Earlier this month a certain Chinese car manufacturer published its company results and, in the process, claimed to be the world’s fastest growing brand.
Heralding consumer deliveries up 20.81% compared to the first half of 2018, it announced half year sales of 55,877 vehicles.
The brand in question: Lynk & Co.
Describing itself as the world’s first new mobility brand, Lynk & Co are fashioned more as a lifestyle brand than a vehicle manufacturer.
It squarely targets young urban consumers, driven by in-car internet connectivity, vehicle sharing and subscription models of usership. 53% of its customer base are under 35.
But while few outside China will have heard of Lynk & Co, things may be about to change – they are heading to Europe and the UK in 2020.
Lynk & Co’s owners – Geely – are a manufacturing behemoth who only entered the world of automotive in 1997.
Backed by a surging home market, Geely are snapping-up Western brands, having acquired Volvo, Lotus and the London Electric Vehicle Company (LEVC).
While Volvo represent the premium end of the Geely portfolio, Geely is an upmarket alternative, designed in Sweden using Volvo’s modular vehicle platform, as used in vehicles like the XC40.
In China, all models are sold through company owned stores and via the ecommerce platform Alibaba, with no dealers involved. They come in one high spec variant, fixed at a no-quibble price.
While value and spec are one dimension of Lynk & Co’s value proposition, the more interesting angle is their approach to shared ownership, based on a smartphone App that allows a group of people to buy and share a single car.
The cloud-based system also enables owners to rent out their vehicle when not needed. In the process earning money in much the same way as renting a room via Air BnB.
It remains to be seen whether Lynk and Co manage to persuade Western buyers to surrender the freedom and sense of personal space that traditionally goes with car ownership. However, one thing is clear: the car market is bracing itself for a new era of transportation, increasingly focused on the concept of Mobility as a Service (MaaS).
Shared Social Mobility
Frost & Sullivan, the international Market Research firm, reckon that car subscription programmes will be worth almost $100 billion dollars by 2025, accounting for nearly 10% of vehicle sales in Europe and the US.
Given this backdrop, manufacturers are tentatively launching their own subscription models including: Audi (On Demand), Ford (Canvas), Jaguar Land Rover (Carpe), Porsche (Passport) and Volvo Care.
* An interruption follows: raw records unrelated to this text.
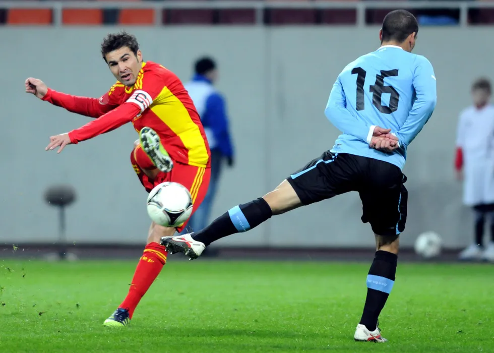 Adrian Mutu (S), de la selectionata Romaniei, se lupta pentru balon cu Maximiliano Pereira Paez (D), de la nationala de fotbal a Uruguayului, in partida amicala disputata, miercuri, 29 februarie 2012, in Bucuresti. LAURENTIU MICH / MEDIAFAX FOTO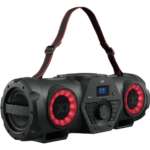 「RV-NB250BT」は、トータル60Wのハイパワーアンプを内蔵したオールインワンポータブルシステム。ものすごく端的に言えば、CDやラジオなど、さまざまな音楽コンテンツを迫力の重低音とともに楽しめるウーハー内蔵のサウンドシステムです。ですが、真っ先に目を奪われるのはやはりこのドラム型のイカついルックスではないでしょうか。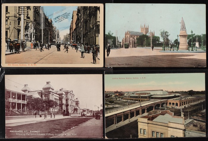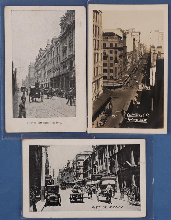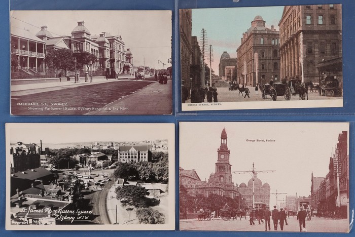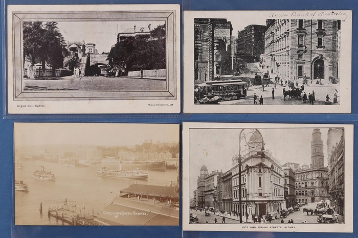 776 imageAustralia - NSW Sydney City Part One: Neat early 1900s collection with Street Scenes inc Argyle Cut, Macquarie, Bridge, King, Park, Clarence & Pitt Streets, plus General Views, Architecture, Historic Buildings, City Sites & odd Greeting. Mixed UN/U, F-VF condition. (100) (Image1) (Image2) (Image3) (Image4) (Image5) (Image6)

Car rental firms and leasing companies are following suit with similar “fractional ownership” and shared usage models. While private car sharing platforms like Drivvy and Turo are enabling car owners at large to rent out their vehicles to generate cash from a vehicle that might typically remain idle for 96% of its lifespan (source: RAC Foundation).
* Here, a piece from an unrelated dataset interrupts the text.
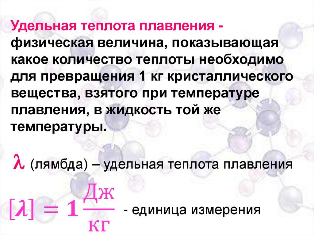 Удельная теплота плавления физическая величина, показывающаякакое количество теплоты необходимо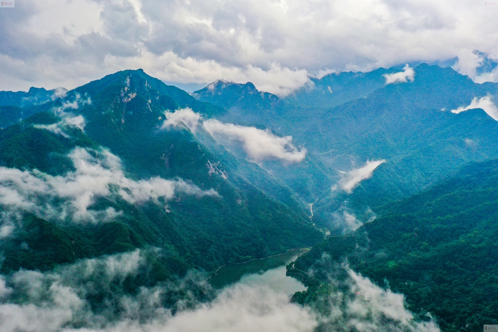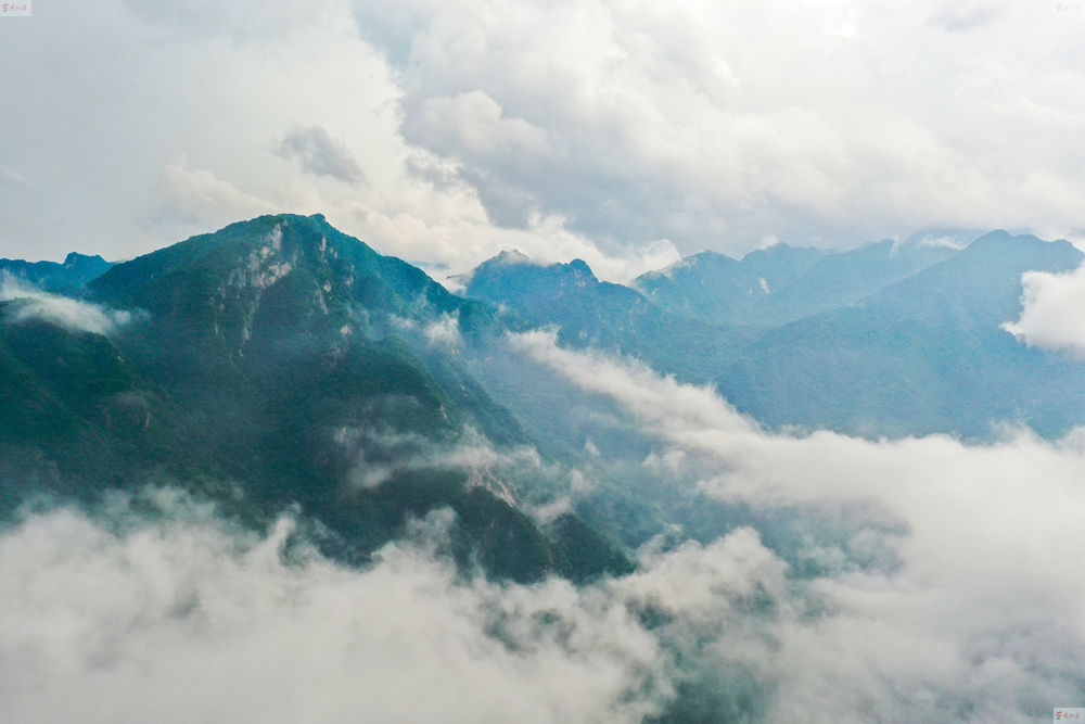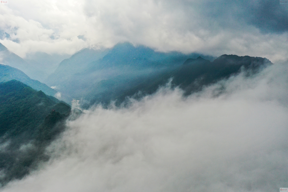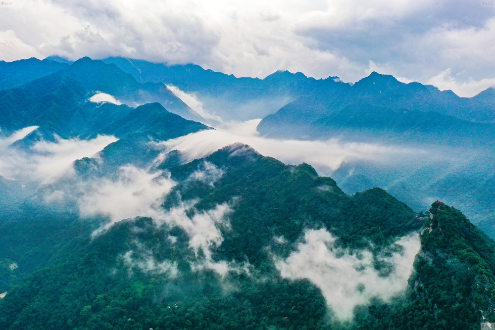 數(shù)十分鐘后,雨帶北移,秦嶺終南山世界地質(zhì)公園翠華山景區(qū)驚現(xiàn)云海。

While each of the above presents a proliferating range of options for transportation, its clear there is no “one size fits all” model.
Car sharing platforms like Drivy as well as ride-hailing models like Uber and Lyft may work well in urban areas, where an available vehicle or a driver can be found on nearly every street corner. Apps may also provide connected journey solutions, enabling passengers to segue between vehicles and different forms of transport as they traverse cities.
But in rural locations where consumers need on-demand transportation to travel longer distances, car ownership may be difficult to resist.
As options fall into place one paradigm seems to ring true: flexibility and choice.
Within that sea of choice, temporary insurance models like Tempcover provide a compelling opportunity for individual freedom. The choice to share vehicles and journeys with others; insuring friends, families or even strangers to use your vehicle on an ad hoc basis.
It’s a model that should help share the increasing cash-burden of car purchase and ownership – splitting costs between users.
While Lynk & Co may well send ripples across the automotive marketplace, they are likely to be just one of a myriad of transportation options that could, over the course of the next two to three years, become all too familiar to us all.